• REQUIRED ACTION: Output all records exactly, with no images.

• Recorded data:
-*-*-
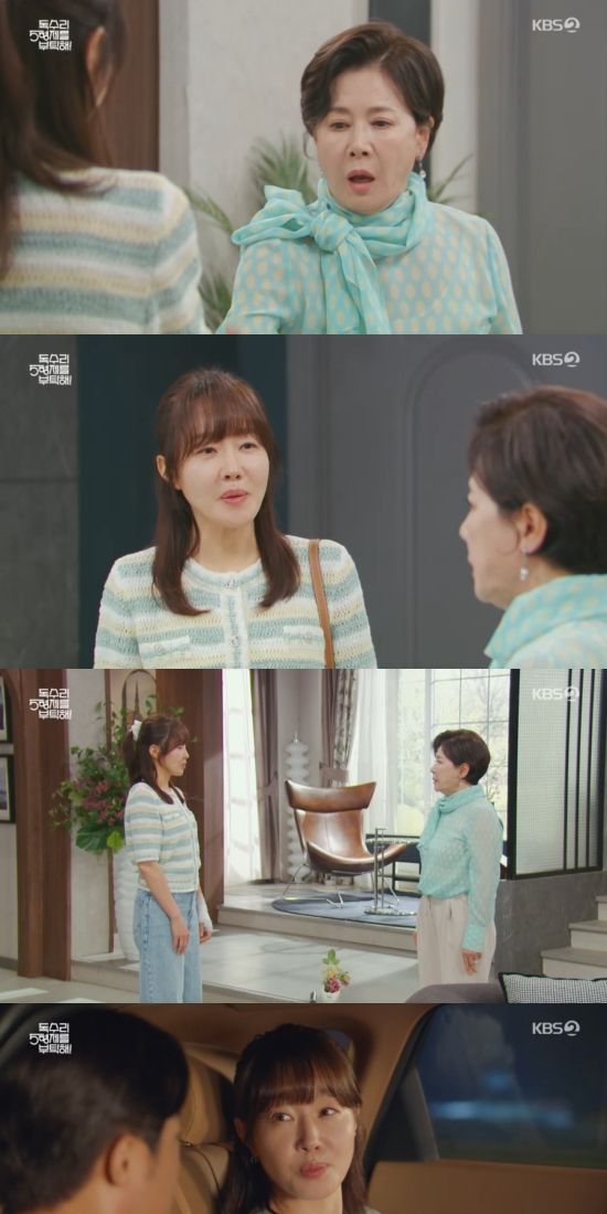 박정수는 "그래서요. 내가 치매 환자니까 이제는 만만한 할망구로 보여요? 이제 초기고 나 아직 멀쩡해요. 그래서 멀쩡할 때 잘 정리하고 싶어서 그 댁 반대하는 거야. 어쨌거나 내 약 갖다주러 일부러 여기까지 와줘서 고마워요. 한 가지 부탁해도 될까? 이 약에 관해 우리 한 회장이랑 우리 애들한테는 말하지 말아 줘요. 내가 적당한 때 내 입으로 말할 테니까"라며 쏘아붙였다.
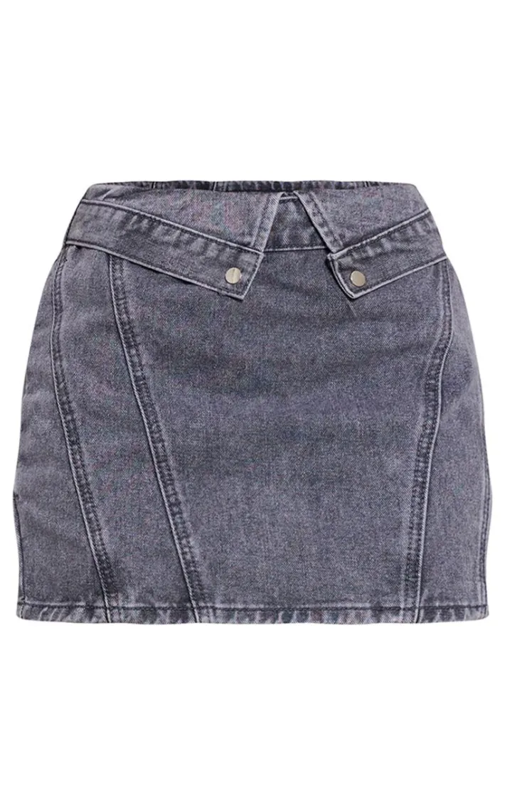 Take the stress out of weekend styling with this petite washed grey denim fold over mini skirt. Brought to you in a washed grey denim material with a fold over design and a mini fit, how can you go wrong? We are loving this denim mini skirt styled with the matching top and slip-on heels for a look that is sure to make heads turn wherever you go.
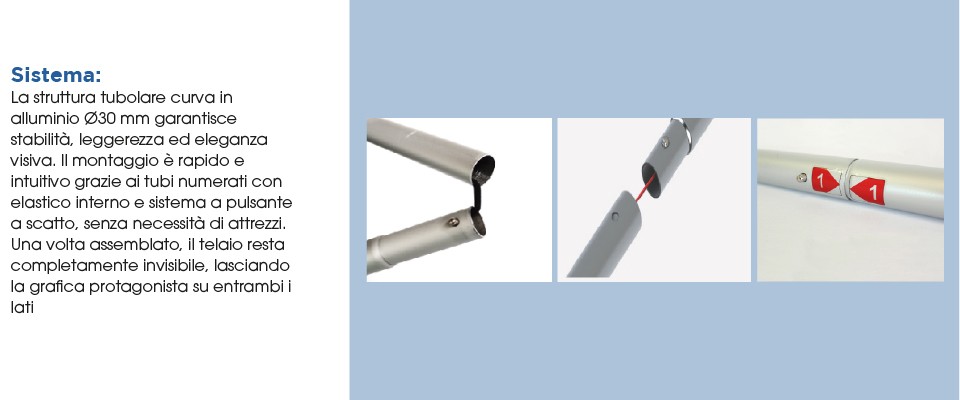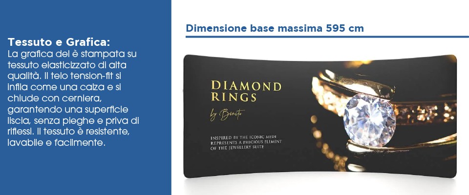 Soluzione completa pronta all’uso con struttura tubolare curva e grafica in tessuto elasticizzato stampata HD.
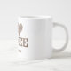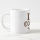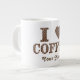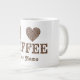 Eine Jumbo-Tasse mit einem "I Heart Coffee"-Sprichwort aus Kaffeebohnen und einem Ort, um Ihren Namen einzugeben. Ein Geschenk, das für sich selbst oder für jeden Kaffeetrinker perfekt ist.
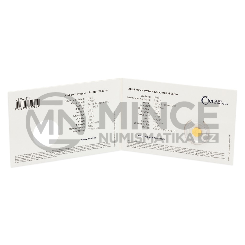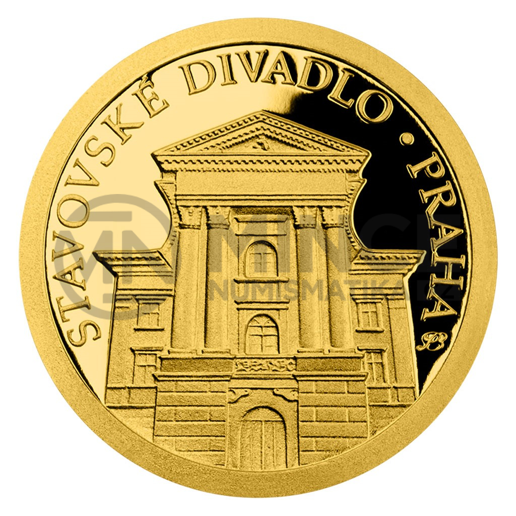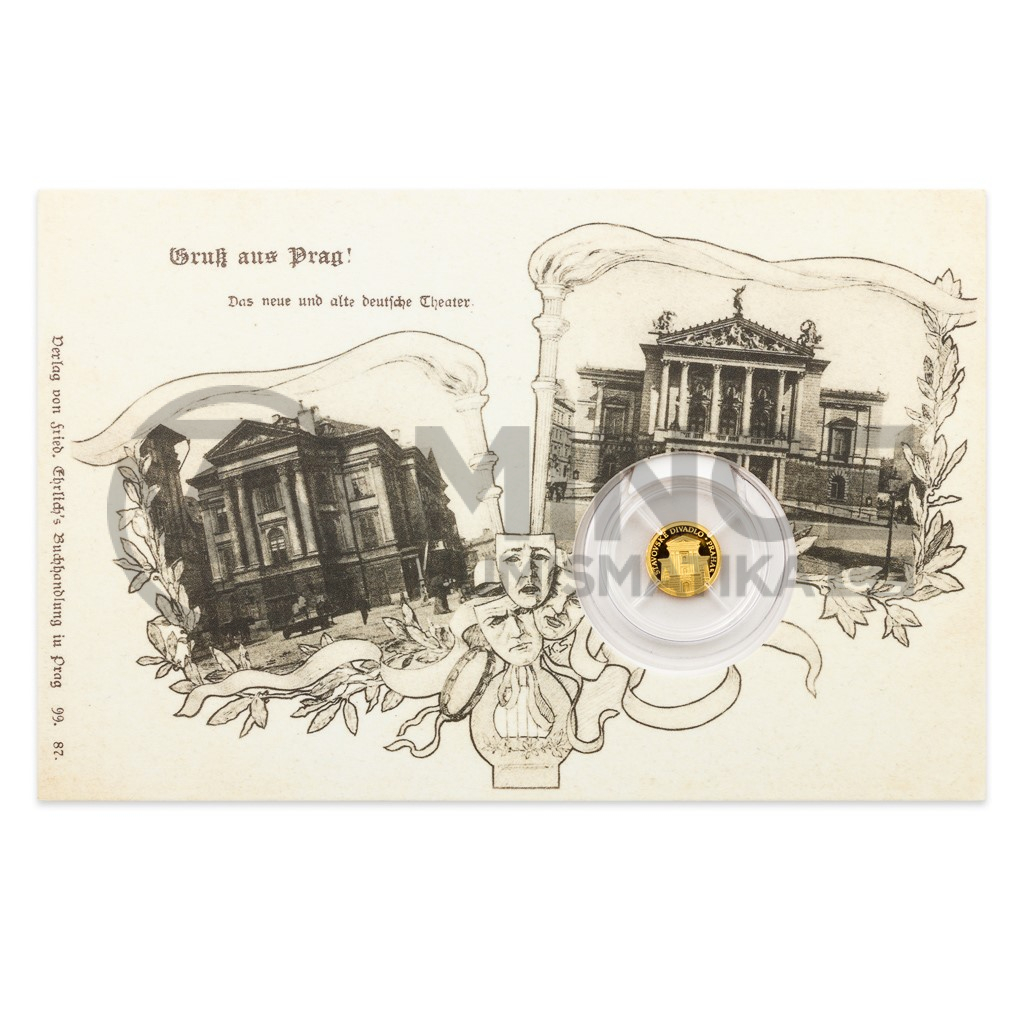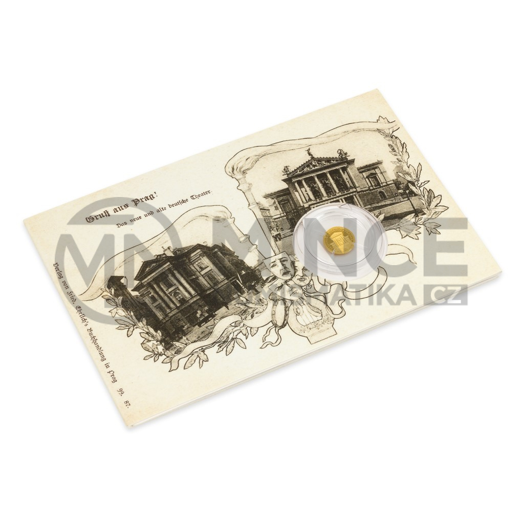 Další zlatá mince České mincovny o hmotnosti jedné poloviny gramu, která je uložena do repliky historické pohlednice, připomíná pražské Stavovské divadlo.
-*-*-
• SOLUTION FOR THIS PROBLEM:
 박정수는 "그래서요. 내가 치매 환자니까 이제는 만만한 할망구로 보여요? 이제 초기고 나 아직 멀쩡해요. 그래서 멀쩡할 때 잘 정리하고 싶어서 그 댁 반대하는 거야. 어쨌거나 내 약 갖다주러 일부러 여기까지 와줘서 고마워요. 한 가지 부탁해도 될까? 이 약에 관해 우리 한 회장이랑 우리 애들한테는 말하지 말아 줘요. 내가 적당한 때 내 입으로 말할 테니까"라며 쏘아붙였다.
 Take the stress out of weekend styling with this petite washed grey denim fold over mini skirt. Brought to you in a washed grey denim material with a fold over design and a mini fit, how can you go wrong? We are loving this denim mini skirt styled with the matching top and slip-on heels for a look that is sure to make heads turn wherever you go.
 Soluzione completa pronta all’uso con struttura tubolare curva e grafica in tessuto elasticizzato stampata HD.
 Eine Jumbo-Tasse mit einem "I Heart Coffee"-Sprichwort aus Kaffeebohnen und einem Ort, um Ihren Namen einzugeben. Ein Geschenk, das für sich selbst oder für jeden Kaffeetrinker perfekt ist.
 Další zlatá mince České mincovny o hmotnosti jedné poloviny gramu, která je uložena do repliky historické pohlednice, připomíná pražské Stavovské divadlo.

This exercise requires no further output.